Approach To Solve Issue In Mongo Collection While Adding New Attribute In Matillion ETL
Matillion uses the extraction-load-transformation (ELT) process to quickly deliver results for many data processing purposes, from user behavior to financial analysis and even reducing the amount of DNA material. MongoDB is a popular open-source document-oriented NoSQL (non-relational) database management system. It is designed to store and manage unstructured or semi-structured data, making it suitable for handling large volumes of diverse data types.
Additionally, MongoDB offers replication, which ensures data durability and fault tolerance by maintaining multiple copies of data across different servers. It also provides built-in support for geographic distribution and automatic data partitioning. MongoDB is widely used in modern web applications, data-intensive projects, and big data solutions. Its flexible data model, scalability, and ease of use make it a popular choice for developers working with complex and rapidly changing data.
What is MongoDB replication?
In simple terms, MongoDB replication is the process of creating a copy of the same data set on more than one MongoDB server. This can be achieved by using a replica set. A replica set is a group of MongoDB instances that maintain the same data set and pertain to any MongoDB process.
Replication enables database administrators to provide:
- Data redundancy
- High availability of data
Maintaining multiple MongoDB servers with the same data provides distributed access to the data while increasing the fault tolerance of the database by providing backups.
Additionally, replication can also be used as a part of load balancing, where read and write operations can be distributed across all the instances depending on the use case.
2 types of nodes in MongoDB
In MongoDB, there are two main types of nodes:
1. Primary Node: The primary node is the main node in a MongoDB replica set. It receives all write operations (inserts, updates, and deletes) from clients and replicates the changes to the secondary nodes in the replica set.
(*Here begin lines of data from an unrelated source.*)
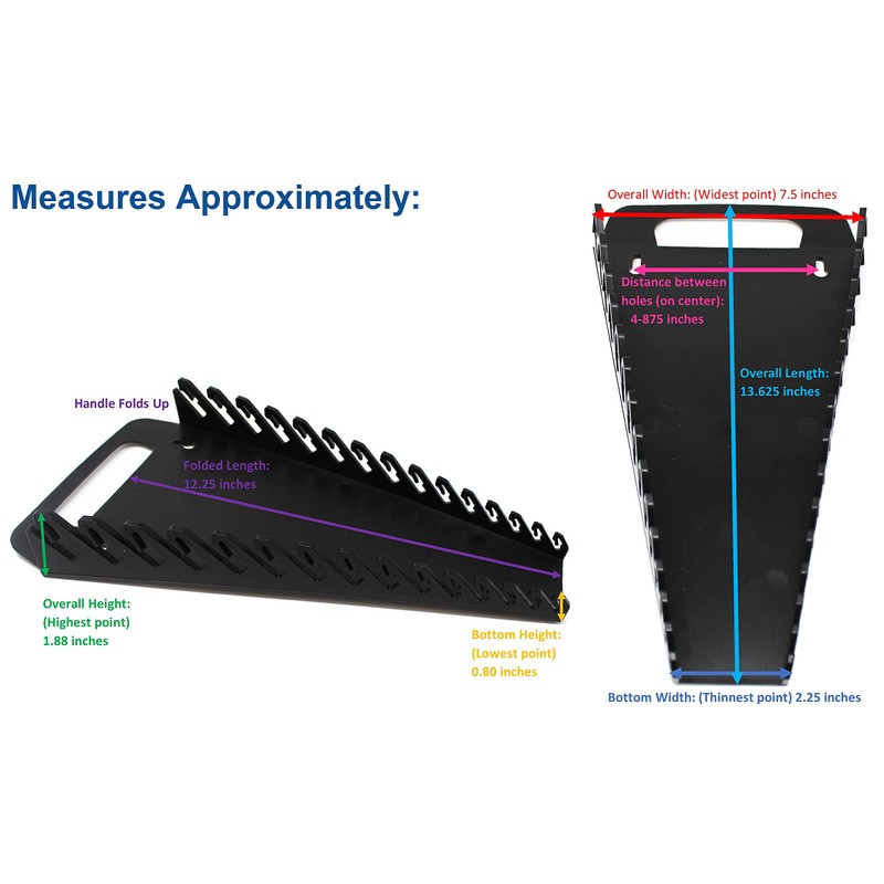 Holds up to 15 wrenches ranging from 1/4 inch to 1-1/8 inch and 6mm to 20mm (wrenches not included)
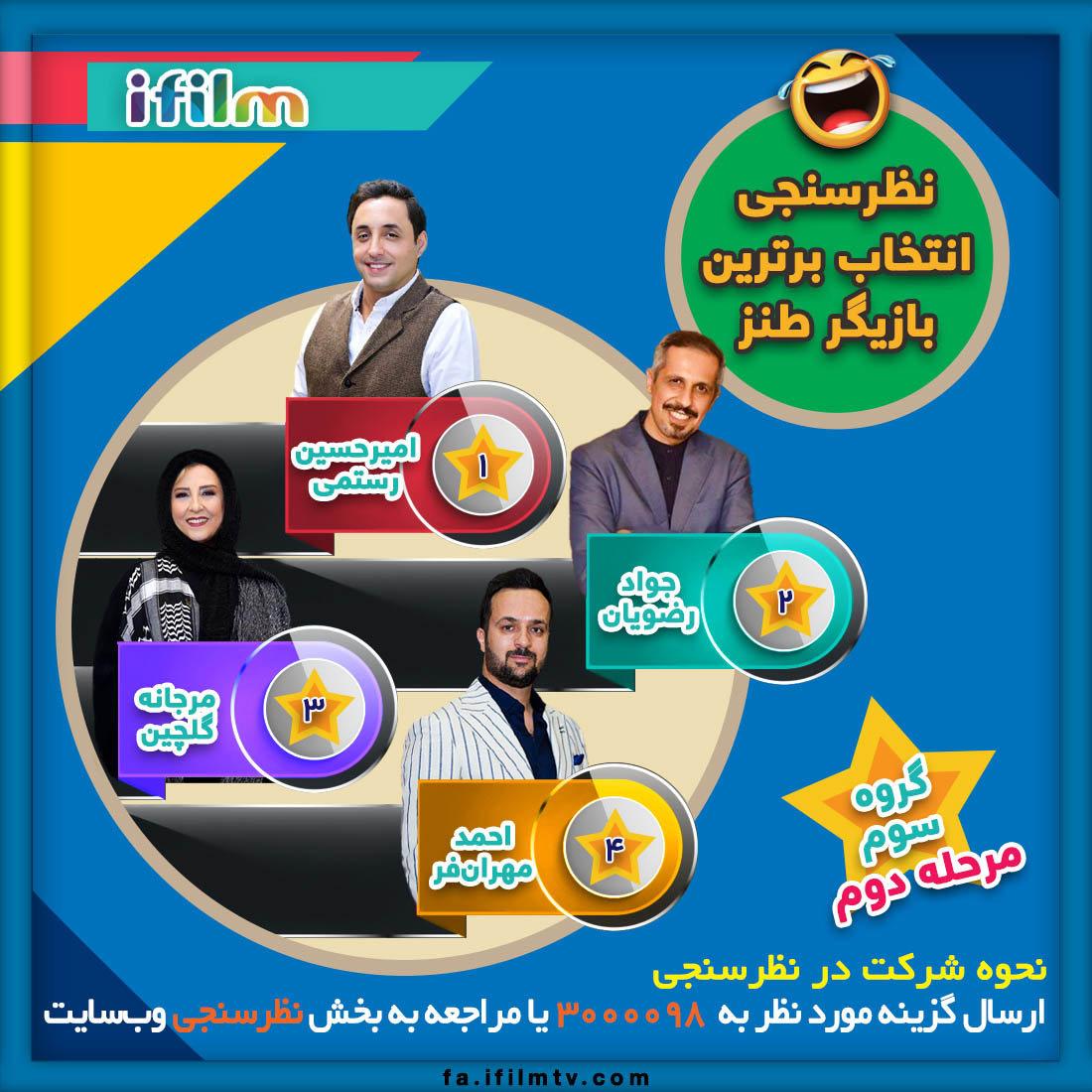 به گزارش آیفیلم، نظرسنجی برترین بازیگر طنز ایران، از ۱۵ آبان آغاز شده و تا نزدیکهای عید سال ۱۴۰۰ به طول میانجامد. این نظرسنجی با مشارکت ۵۰ بازیگر طنز کشور در ۱۰ گروه ۵ نفره آغاز شد؛ و با آرای مخاطبان آیفیلم، ۲۰ بازیگر برتر به مرحله دوم این نظرسنجی راه یافتند؛ تا پس از آن در ۵ گروه ۴ نفره رقابت خود را دنبال کنند.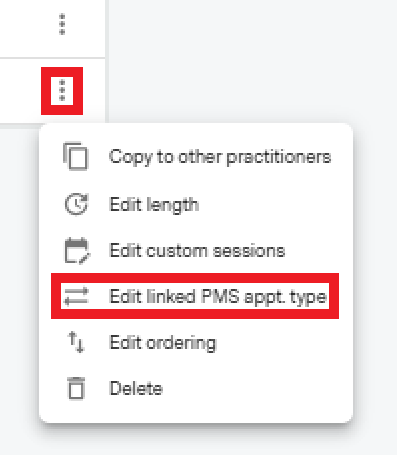 Once in here, you will see a list of their Healthengine appointment types. Click on the 3 dots at the end of the row on the appointment type you wish to edit. Select 'Edit linked PMS appt. type', which will then bring up a drop-down containing your Nookal services.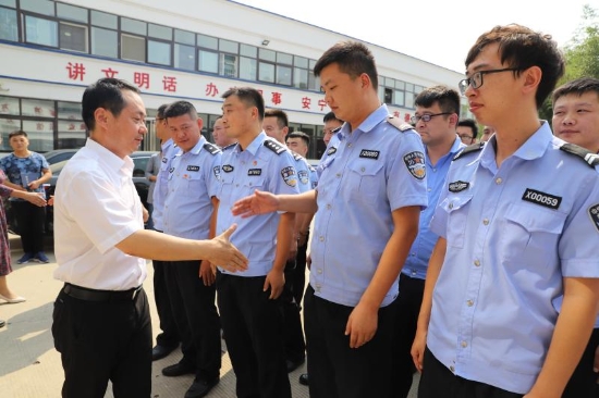 程若光主任對執(zhí)勤民警、輔警的辛苦付出表示誠摯慰問,對港區(qū)公安無私奉獻(xiàn)的精神給予充分肯定。程若光主任表示:港區(qū)公安分局是一支特別能戰(zhàn)斗、特別能吃苦、特別能奉獻(xiàn)的隊(duì)伍,為港區(qū)經(jīng)濟(jì)發(fā)展、掃黑除惡、打擊各類違法犯罪、維護(hù)社會(huì)大局平安穩(wěn)定作出了突出貢獻(xiàn)。今年是建國七十周年大慶之年,希望港區(qū)分局全體民警輔警繼續(xù)發(fā)揮艱苦奮斗精神,敢于斗爭、善于斗爭、勇于勝利、再接再厲,堅(jiān)守工作崗位,為港區(qū)社會(huì)穩(wěn)定經(jīng)濟(jì)發(fā)展再立新功。并勉勵(lì)大家要以更加飽滿的精神、更加昂揚(yáng)的斗志、更加頑強(qiáng)的作風(fēng),全力以赴做好新中國成立70周年大慶期間各項(xiàng)安保工作。最后,程若光向港區(qū)公安分局送去慰問金,囑托公安分局領(lǐng)導(dǎo)要安排好公安民警、輔警的工作和生活,為他們解決后顧之憂。

The primary node also serves read operations when requested. There can be only one primary node in a replica set at any given time.
2. Secondary Node: Secondary nodes in a MongoDB replica are set to replicate the data from the primary node. They maintain a copy of the primary node's data by applying the replicated operations in the same order as the primary. Secondary nodes can serve read operations as well, but they cannot accept write operations directly from clients. In case the primary node fails or becomes unavailable, a secondary node can be elected as the new primary node through an automatic election process.
These primary and secondary nodes in a replica set provide fault tolerance and high availability by allowing automatic failover and data redundancy in MongoDB deployments.
Use case 1:
We need to take the following actions if the problem, such as a newly added attribute in a Mongo collection, is not replicated in our Mongo DB component:
We have to follow the following steps :
- Select the Mongo component to which that field is to be replicated.
- Select properties and go to the connection option
- You can view the location (for eg: (/usr/share/tomcat8/api_profiles/leads)) of the API profile (i.e) every mongo component has its own API profile
- Go to the project then select Manage API Profile and Manage Query Profile
- We can find our API profile name
- By selecting that API profile name leads, we could see leads. rsd
- Set advanced mode, to view xml script, where we have to add our newly added attribute manually.
In most cases, the field will be replicated in our Mongo component so
- After manually adding the attribute we have to check our Mongo component to, whether we could fetch that field or not.
- If not, again we have to go to the connection option
- Then go to Read Preference, where we can pass the variable, usually, we can use primary preferred
- If we set secondaryPreferred instead of primary preferred, first it will execute in the secondary server, if exist then it will execute in the primary server
- Then the additional attribute added in the Mongo collection will get replicated in the MongoDB component.
MongoDB replication offers several benefits, including high availability, fault tolerance, and scalability. It allows applications to continue functioning even if one or more nodes go offline, ensuring uninterrupted service. Additionally, it enables horizontal scaling by distributing the workload across multiple nodes, accommodating increased read capacity as the number of secondary nodes grows.